Both are true and viable concepts for the artist. Every project has its parts, every part a project in its own right. Projects all the way down. Take this diatribe for example: I began because I wanted to talk about the purgative text: artistic creation as biological release. The more I conceived the project however, the more it became about what prevents me from release. What prevents me has very much to do with what drives me. What drives me / prevents me has to do with my habits of personal resistance and my history of selective imagination. The next step: enumerate those formerly mentioned vices and virtues, victories / defeats which have led me here.

It never ends.

One project begets another begets another. Until at the end of it all (if I'm lucky enough to be there), I will collect all of the projects together under the heading of 'Project of my Life' or '-of my Art.' And some other series of project will have to be rolled out from me after I'm gone. Or if not from me, from someone else. Every artist must deal in his / her own way with posterity. Every artist must consider the 'Project of Human History' and where their personal project aligns or departs.

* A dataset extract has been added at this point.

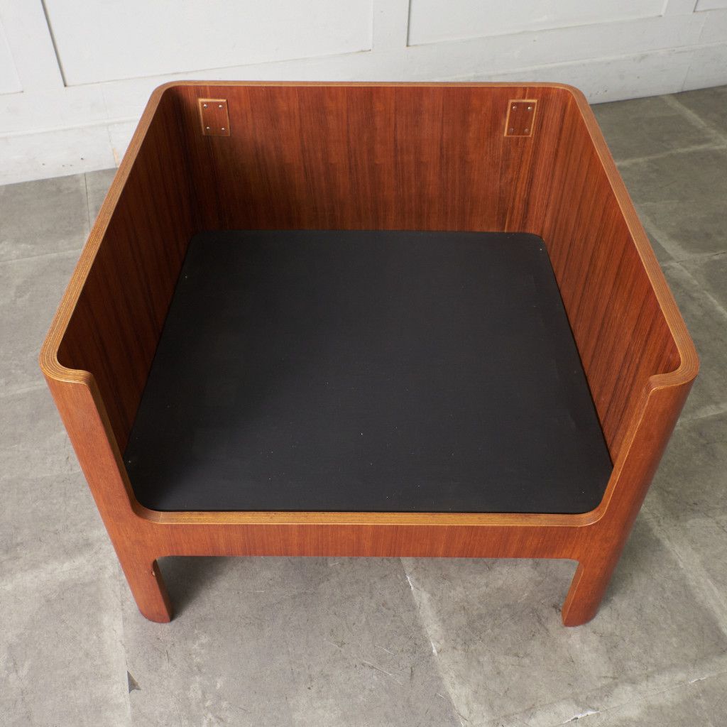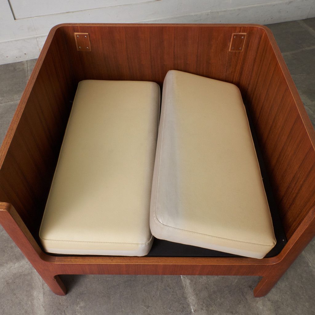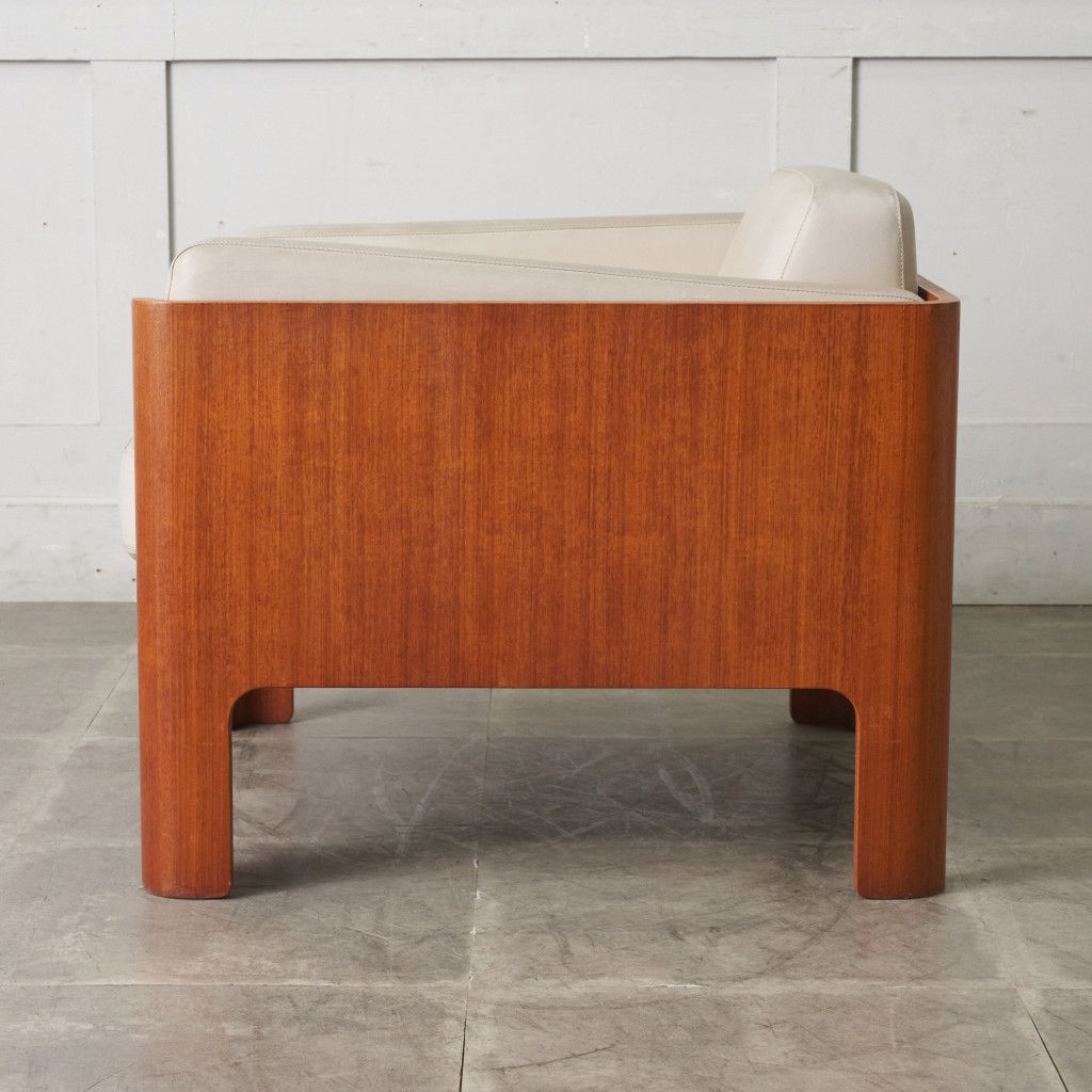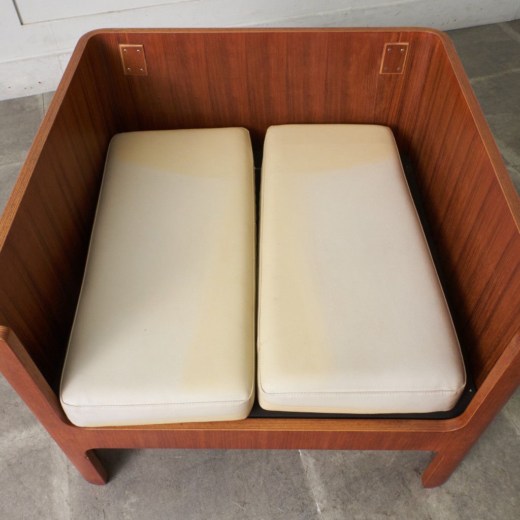 国立京都国際会館のロビー用にデザインされたもので、一体成形ならではの曲面と直線的なデザインのマッチングが美しいソファです。北欧家具をモチーフにデザインされたシンプルな造形が魅力的。木目の側面を眺めると、構造の成り立ちがとてもよく分かります。ほぼ継ぎ目が無く、ひとつのプライウッドで形成されている天童木工の技術力の高さを感じさせる、ジャパニーズモダンデザインの名作家具です。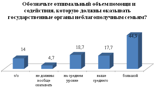 На представленной диаграмме отчётливо видно, что с точки зрения большинства респондентов многодетные семьи достаточно сильно нуждаются во всех перечисленных видах помощи и поддержки. Например, более 60% полагают, что данной группе остро необходима финансовая помощь, а также льготные медицинские и образовательные услуги. Ещё около 30% отмечают высокий уровень необходимости оказания всех перечисленных видов помощи данным семьям. Также высокую актуальность, по мнению респондентов, имеет оказание натуральной помощи (вещами, продуктами) многодетным семьям. В то же время чуть меньшая потребность имеется в психологической помощи. 26,3% респондентов считают, что многодетные семьи в данной поддержке нуждаются незначительно. Также чуть менее актуальной, хотя также востребованной, представляется информационная поддержка. сирота семья неблагополучный Диаграмма № 17

But this is undoubtedly too colossal a project for an individual to sustain. Leave it for the brief moments of migration before and after sleep. The artist having awoke has one thing before him: his worktable and all that it contains: his pens, his books, his notebooks, his computer, his instrument, his paintbrush, his post-it notes, his thinking cap, his bathrobe, his mug of coffee, his ashtray towering with ash. And out of this array of mundanity, he must concoct the world he wants to see, one focused breath at a time. He must begin crafting. Whether it's writing whatever, composing whatever, painting or drafting whatever, he must first of all begin. And over time the malodorous, negligible 'compost' he's turned will  feed a garden. Just as a smile when sustained long enough will actually make you happy.